The diffusive exchange of 30 trace elements (Cs, Rb, Ba, Sr, Co, Y, La, Ce, Pr, Nd, Sm, Eu, Gd, Tb, Dy, Ho, Er, Tm, Yb, Lu, Ta, V, Cr, Pb, Th, U, Zr, Hf, Sn and Nb) during the interaction of natural mafic and silicic alkaline melts was experimentally studied at conditions relevant to shallow magmatic systems. In detail, a set of 12 diffusion couple experiments have been performed between natural shoshonitic and rhyolitic melts from the Vulcano Island (Aeolian archipelago, Italy) at a temperature of 1200 °C, pressures from 50 to 500 MPa, and water contents ranging from nominally dry to ca. 2 wt.%. Concentration-distance profiles, measured by Laser Ablation ICP-MS, highlight different behaviours, and trace elements were divided into two groups: (1) elements with normal diffusion profiles (13 elements, mainly low field strength and transition elements), and (2) elements showing uphill diffusion (17 elements including Y, Zr, Nb, Pb and rare earth elements, except Eu). For the elements showing normal diffusion profiles, chemical diffusion coefficients were estimated using a concentration-dependent evaluation method, and values are given at four intermediate compositions (SiO2 equal to 58, 62, 66 and 70 wt.%, respectively).
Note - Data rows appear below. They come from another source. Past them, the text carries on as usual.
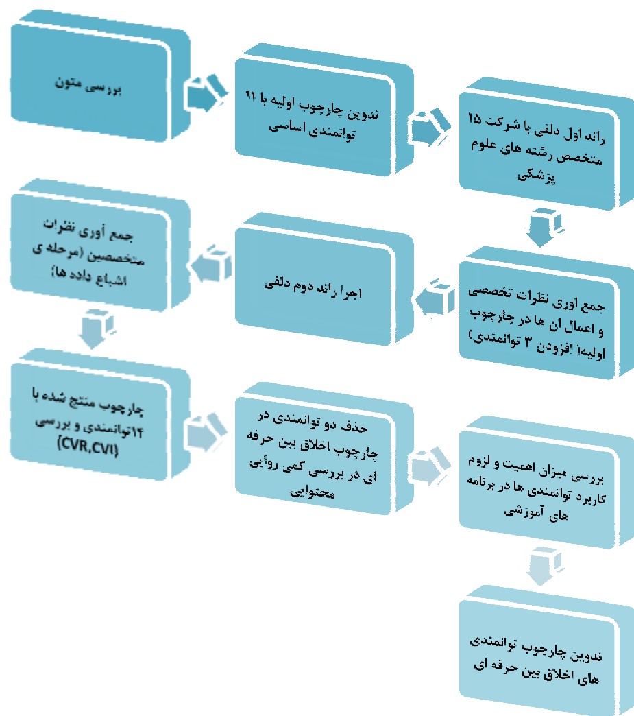
نمودار شماره ۱ - مراحل اجرایی مطالعه

در نهایت، باتوجه به هدف کاربردی مطالعه، نظرات ۲۵ نفر از متخصصان رشته‌های مختلف علوم پزشکی (علوم پایه، علوم بالینی، پرستاری و علوم توانبخشی) در رابطه با میزان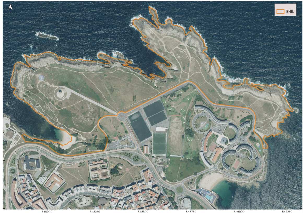
Mapa 1: Límites do ENIL Torre de Hércules.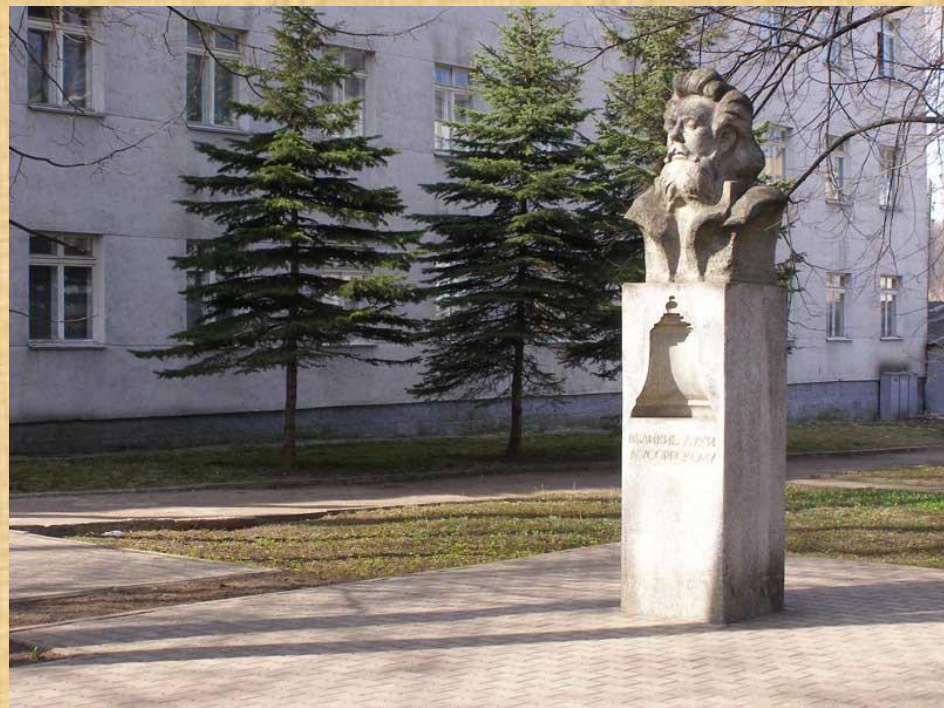
Памятник М.П. Мусоргскому возле музыкальной школы г. Великие Луки

A general coupling of diffusion coefficients to silica diffusivity is observed, and variations in systematics are observed between mafic and silicic compositions. Results show that water plays a decisive role on diffusive rates in the studied conditions, producing an enhancement between 0.4 and 0.7 log units per 1 wt.% of added H2O. Particularly notable is the behaviour of the trivalent-only REEs (La to Nd and Gd to Lu), with strong uphill diffusion minima, diminishing from light to heavy REEs. Modelling of REE profiles by a modified effective binary diffusion model indicates that activity gradients induced by the SiO2 concentration contrast are responsible for their development, inducing a transient partitioning of REEs towards the shoshonitic melt. These results indicate that diffusive fractionation of trace elements is possible during magma mixing events, especially in the more silicic melts, and that the presence of water in such events can lead to enhanced chemical diffusive mixing efficiency, affecting also the estimation of mixing to eruption timescales.

Keywords

    Diffusion, Magma mixing, Rhyolite, Shoshonite, Trace elements

ASJC Scopus subject areas

Cite this

Diffusive exchange of trace elements between alkaline melts: Implications for element fractionation and timescale estimations during magma mixing. / González-Garcia, Diego; Petrelli, Maurizio; Behrens, Harald et al.
In: Geochimica et Cosmochimica Acta, Vol. 233, 15.07.2018, p. 95-114.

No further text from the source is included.